President Assad talked about his commitment to political and economic reforms, and how Syria is different from Libya and any other country; that it sits on a strategic fault line and that any foreign intervention would end up dividing it and creating regional havoc. He dismissed the newly formed Syrian National Council, a coalition of dissident groups and opposition parties whose declared aim is to topple the Baathist regime that has ruled Syria for decades.
What he failed to explain is how after more than seven months of brutal assault by the military and regime thugs most of the cities and towns in Syria remain rebellious. At least 3000 people have been killed and tens of thousands arrested. The army has been unleashed to bomb, besiege and subdue major cities like Homs, Hama and Latakia. The official version of events, that the protesters are mainly infiltrators, paid up to destabilize Syria and serve a foreign agenda no longer holds water. Even Assad’s closest allies like China and Russia are now calling on him to stop killing his own people and initiate dialogue to launch genuine reforms. Others, like Europe and the United States, believe it is already too late and that the Assad regime has lost legitimacy.
But Assad is right in his assessment that Syria is not Libya. Unlike Col. Muammar Qaddafi, President Bashar Assad has a more sophisticated loyal base; party apparatchiks, a well organized army, key mercantile figures and various sects including his own; the Alawites who make up no less than 10 percent of the population. He has some compelling cards in his possession that range from Syria’s influence in Lebanon, Iraq, the Kurds along the borders with Turkey and his country’s uneasy truce with Israel.
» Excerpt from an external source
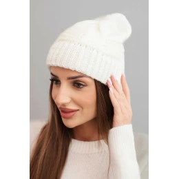 Dámska zimná akrylová čiapka s ozdobným úpletom K462 ecru
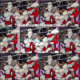 Original whimsical painting of Holiday Dollys by well-season Fine Art Artist, Gaye Elise Beda. A gathering of anthropomorphic mice is dressed in festive, holiday-themed clothing. Their bright red outfits and striped socks create a joyful and playful scene, with each mouse uniquely adorned. The background suggests a wintry setting, enhancing the festive mood.

He has warned that Damascus has been fighting the Islamists for decades and that they stand to gain if his grip on authority is loosened. But in many ways President Assad is barking up the wrong tree. Since he came to power in 2000 he projected himself as a reformer with new ideas. As a physician who was trained in the West, spoke perfect English he could relate to the yearnings of his people, especially the youth. But until the arrival of the Arab Spring early this year, he had little to show for his promises. He had initiated some economic reforms, allowing the private sector to play a bigger role, but the trickledown effect has been meager. On the political front, the Baath Party remained the only legitimate power and Syria continued to be run as a police state. The “Damascus Spring,” a period of intense political debate and calls for openness that started after the death of Hafiz Assad was short-lived.
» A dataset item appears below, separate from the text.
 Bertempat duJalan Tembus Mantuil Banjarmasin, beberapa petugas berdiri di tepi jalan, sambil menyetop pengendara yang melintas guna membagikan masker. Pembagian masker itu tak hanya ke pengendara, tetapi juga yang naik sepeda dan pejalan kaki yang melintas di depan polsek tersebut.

President Assad has misread the political, social and economic changes that had taken place globally, and, more importantly, regionally, just like his opposite numbers in Tunisia, Egypt, Yemen and Libya. The irony is that he could have avoided the current standoff if he had pushed through with reforms. Even now and after announcing a number of political initiatives, since the eruption of the uprising, there are no signs that he is serious about carrying out fundamental political changes.
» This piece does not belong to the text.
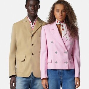 Versace Strawberry Garden Silk Skinny Twill Scarf Tie Logo Pink Red NWT

An Arab League ministerial committee, headed by Qatar, is trying to get him to accept a working proposal that would end the violence, withdraw the army from cities and initiate dialogue with the opposition. So far he has been vacillating. Even if he accepts his credibility remains questionable.
There are no signs that popular protests are receding or that the army and the regime’s henchmen are backing off. More people are being killed every day. There is evidence that army recruits are defecting and in some instances armed clashes have taken place between regulars and dissidents.
The problem with Assad’s behavior of denial, defiance and issuing threats is that it does not add up to a good strategy to end the protests and bring peace to Syria. Outside pressure will continue to build leaving his regime isolated and in dire economic shape. It might be too late to bring about national reconciliation, and even if the international community, namely the US and its allies, decides not to replicate the Libya model in Syria, President Assad will soon find that he is running out of options.
To go on with killing protesters and bombing cities is a recipe for self-annihilation. To play the sectarian card and pit his countrymen against each other will ensure his defeat at the end. And very few observers believe that he will be reckless enough to stir trouble with either Turkey or Israel at this juncture.
His only hope for now will be to embrace the Arab initiative and engage the opposition in a meaningful dialogue over Syria’s future that could pave the way for a peaceful and democratic transition of power, avoid foreign intervention and ensure him an honorable exit from the scene.
— Osama Al Sharif is a journalist and political commentator based in Amman.